Formation of Representations in Neural Networks
Liu Ziyin, Isaac Chuang, Tomer Galanti, Tomaso Poggio
TL;DR
The paper addresses how neural networks form compact, transferable latent representations by introducing the Canonical Representation Hypothesis (CRH), which asserts six mutual alignments among layer representations $H$, gradients $G$, and weights $W$ that emerge during training under a balance between gradient noise and regularization. It provides a minimal-assumption, fluctuation-dissipation-inspired theory showing that, when stationarity conditions are met, $H$, $G$, and $Z$ align, and, if CRH is broken, the system exhibits reciprocal power-law (Polynomial Alignment) phases (PAH) relating these objects. The authors support CRH and PAH with extensive experiments across fully connected nets, CNNs, self-supervised learning, ResNets, and transformers, observing strong forward and backward alignments and consistent power-law scaling across layers and models. These results unify phenomena such as neural collapse and the neural feature ansatz under a single framework, with implications for invariant learning and robustness, while acknowledging limitations to FC layers and interpolation regimes that motivate further work.
Abstract
Understanding neural representations will help open the black box of neural networks and advance our scientific understanding of modern AI systems. However, how complex, structured, and transferable representations emerge in modern neural networks has remained a mystery. Building on previous results, we propose the Canonical Representation Hypothesis (CRH), which posits a set of six alignment relations to universally govern the formation of representations in most hidden layers of a neural network.
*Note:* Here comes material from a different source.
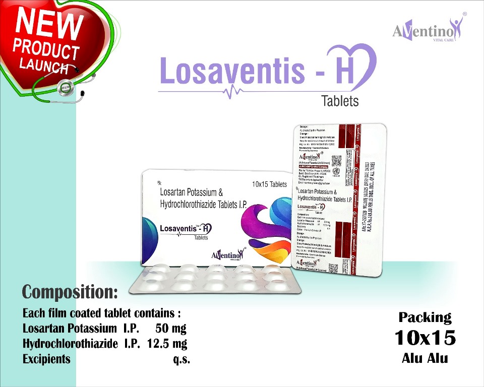 Losaventis-H Tablets - Losartan Potassium & Hydrochlorothiazide Tablets I.P. | 10*15 | Each film-coated tablet contains: Losartan Potassium I.P.: 50 mg Hydrochlorothiazide I.P.: 12.5 mg Excipients: q.s. | Details |
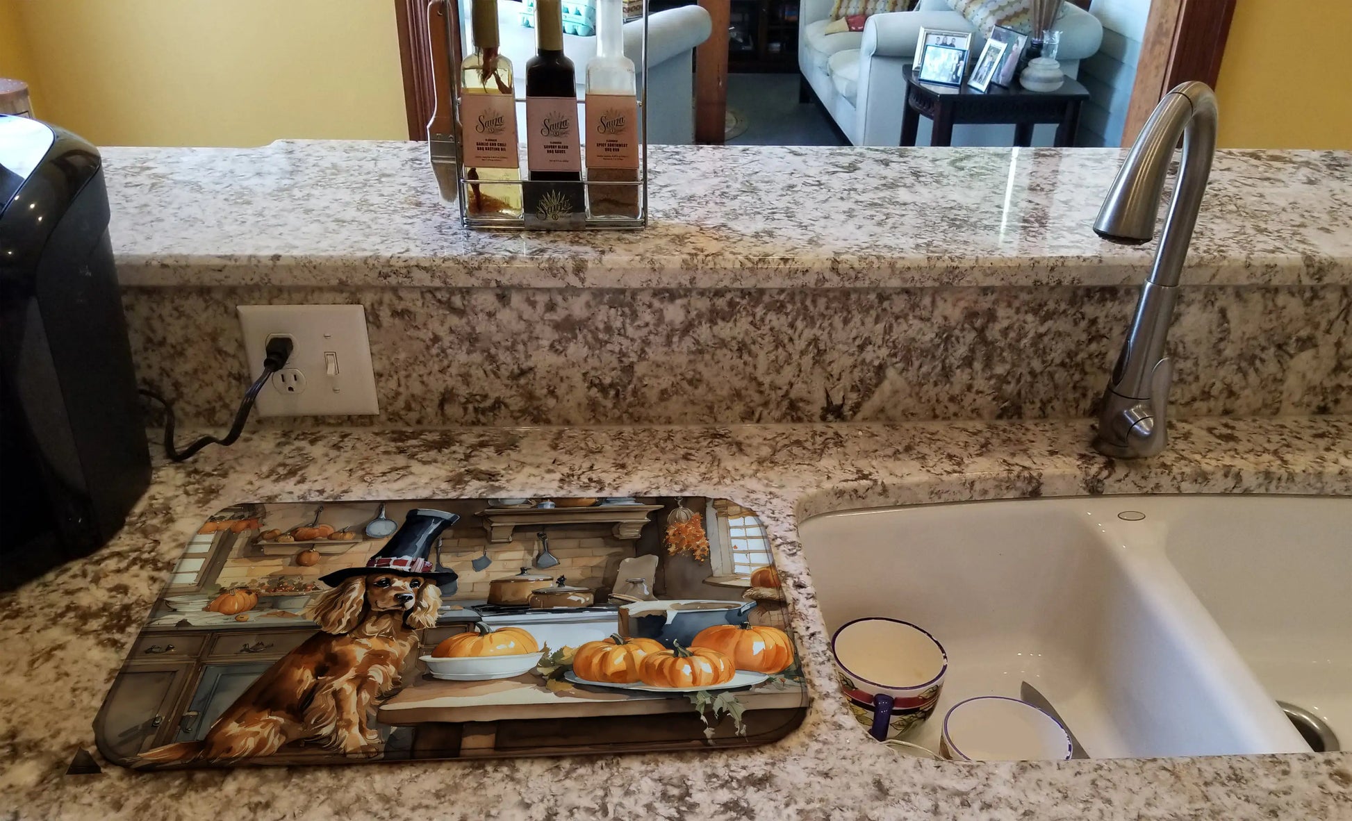 Dish Drying Mat featuring breed specific Cocker Spaniel artwork. Celebrate Halloween with this Halloween Dish Drying Mat. Say goodbye to messy countertops and soggy dish towels with our innovative dish drying mat. Our high-quality dish drying pad is designed to keep your countertops dry while offering a stylish and efficient solution. Whether you're air drying dishes, glasses, stemware, silverware, pots, pans, bottles, or even fruits and vegetables, our dish mat is the perfect choice. The 14 inches x 22 inches size fits most counters and dish drying racks, and the non-slip design ensures stability. Made with water-absorbent polyester and a polyurethane foam insert, our dish drying mat is not only functional but also durable. It's machine washable and printed in the USA for long-lasting use. The beautiful artwork adds flair to your kitchen decor, making it a perfect housewarming gift or present for any occasion. Upgrade your kitchen experience with our absorbent and versatile dish drying mat.

Under the CRH, the latent representations (R), weights (W), and neuron gradients (G) become mutually aligned during training. This alignment implies that neural networks naturally learn compact representations, where neurons and weights are invariant to task-irrelevant transformations. We then show that the breaking of CRH leads to the emergence of reciprocal power-law relations between R, W, and G, which we refer to as the Polynomial Alignment Hypothesis (PAH). We present a minimal-assumption theory proving that the balance between gradient noise and regularization is crucial for the emergence of the canonical representation. The CRH and PAH lead to an exciting possibility of unifying major key deep learning phenomena, including neural collapse and the neural feature ansatz, in a single framework.